Welcome
In this tutorial, we will explore a Berkeley admission dataset and learn how to
- visualize a dataset including categorical variables
- play around with a dataset, e.g. data wrangling, tidying, acquisition
- think critically as a statistician
The tutorial is based on datasciencebox.org.
Berkeley admission data
- Study carried out by the Graduate Division of the University of California, Berkeley in the early 70’s to evaluate whether there was a gender bias in graduate admissions.
- The data come from six departments. For confidentiality we’ll call them A-F.
- We have information on whether the applicant was male or female and whether they were admitted or rejected.
head(ucbadmit, n = 5)
head()
lets you take a quick look at the first part of a
data-storing object. We can specify how many rows we’d like to see
through the argument n
.
dim(ucbadmit)
dim
retrieves the dimension of an object. How many
applicants are there in the dataset? What information (features) do we
know about each individual?
Basic statistics
table(ucbadmit$admit)
table(ucbadmit$dept)
table(ucbadmit$gender)
Question of interest
- In plain English: Is there any gender bias in the admission process, e.g. males are more likely to be admitted than females?
- Formulating with a bit statistics: Is the percentage of males admitted indeed higher than females?
- That is, to compare (1) the percentage of admitted males out of all the male applicants and (2) the percentage of admitted females out of all the female applicants.
tbl_perc <- table(ucbadmit$admit, ucbadmit$gender)
tbl_perc
tbl_perc <- table(ucbadmit$admit, ucbadmit$gender)
tbl_perc[2, 1] / (tbl_perc[1, 1] + tbl_perc[2, 1]) # female
tbl_perc[2, 2] / (tbl_perc[1, 2] + tbl_perc[2, 2]) # male
sum(ucbadmit$admit == "Admitted" & ucbadmit$gender == "Female") / sum(ucbadmit$gender == "Female")
sum(ucbadmit$admit == "Admitted" & ucbadmit$gender == "Male") / sum(ucbadmit$gender == "Male")
Let’s visualize it!
ggplot(ucbadmit, aes(y = gender, fill = admit)) + # specify the variables for the y axis and color
geom_bar(position = "fill") + # we want a barplot
labs(title = "Admit by gender", # add a plot title
y = NULL, x = NULL) + # remove axis titles
theme_classic() + theme(legend.position = "bottom") # nice aesthetics
What if we look at it by department?
ggplot(ucbadmit, aes(y = gender, fill = admit)) +
geom_bar(position = "fill") +
facet_wrap(. ~ dept) + # separate plots by department
scale_x_continuous(labels = label_percent()) + # specify x axis label
labs(title = "Admissions by gender and department",
x = NULL, y = NULL, fill = NULL) +
theme_classic() + theme(legend.position = "bottom")
Comparison
What do you notice when comparing the department-specific barplots with the barplot of the six departments combined?

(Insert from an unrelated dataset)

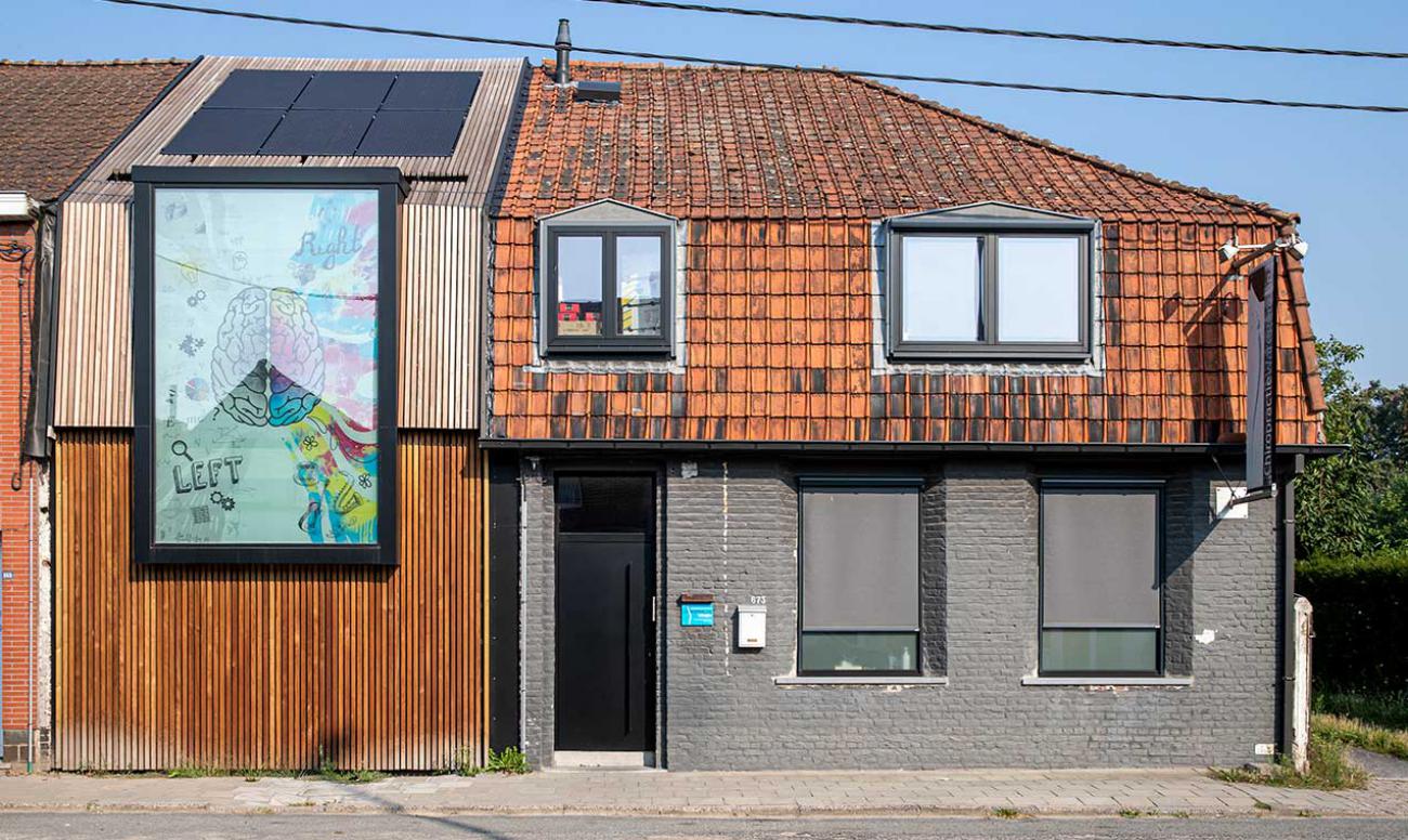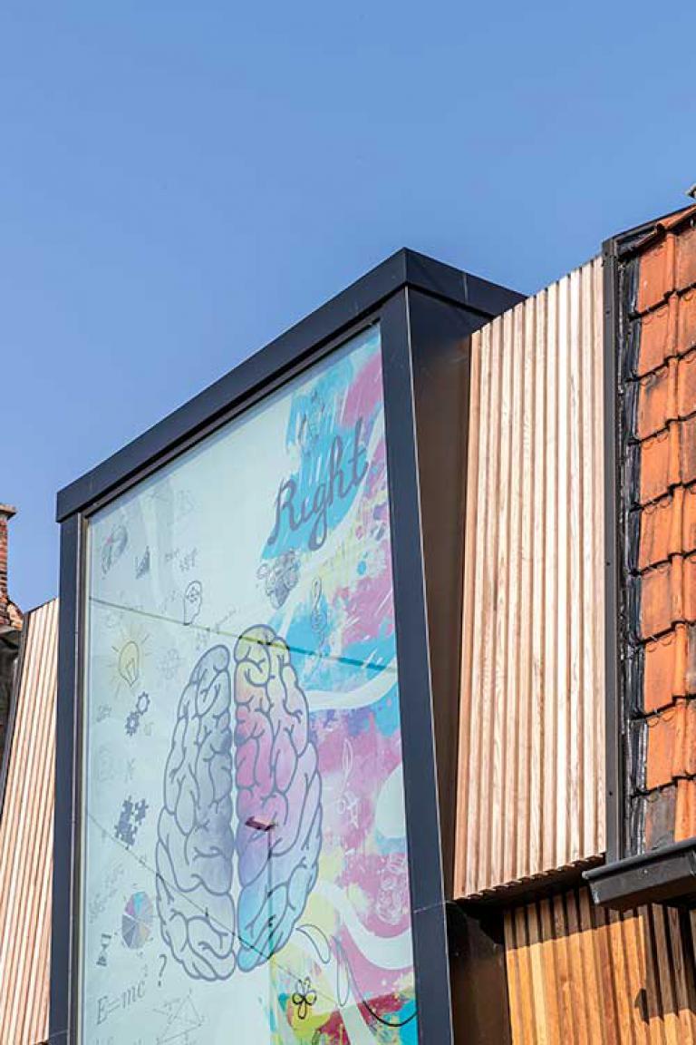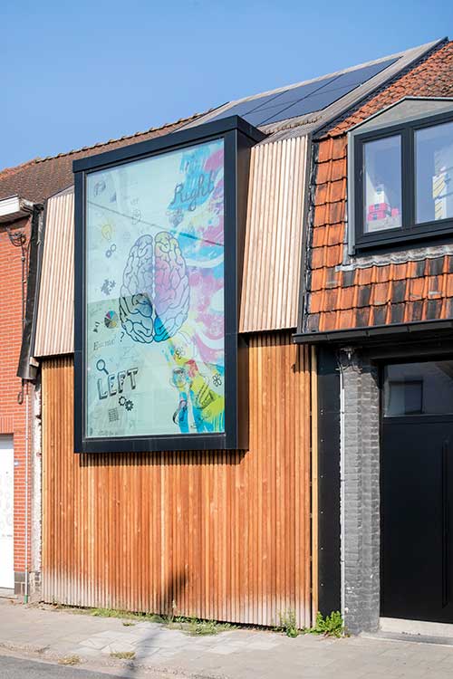 Deze gevelbekleding is net iets anders dan normaal, de bekleding loopt van op de muur door tot over het dak. Dit ondanks de schuine wanden van het gebouw.

ggplot(ucbadmit, aes(y = gender, fill = admit)) +
geom_bar(position = "fill") +
labs(title = "Admit by gender",
y = NULL, x = NULL) +
theme_classic() + theme(legend.position = "bottom")
Simpson’s Paradox
A motivating example
What if we try to fit the relationship between two variables on x and y axis?
What is there is actually a third variable we were not aware of before?!
Takeaways
- Not considering an important variable when studying a relationship can result in Simpson’s paradox
- Simpson’s paradox illustrates the effect that omission of an explanatory variable can have on the measure of association between another explanatory variable and a response variable
- The inclusion of a third variable in the analysis can change the apparent relationship between the other two variables
- Video
Questions
- What is the third variable in our analysis of the Berkeley admission data?
- Given the data (evidence) that we have, is there any gender bias in the admission process, e.g. males are more likely to be admitted than females?
- Is there any similar scenario or potential issue you could come up with in our real life?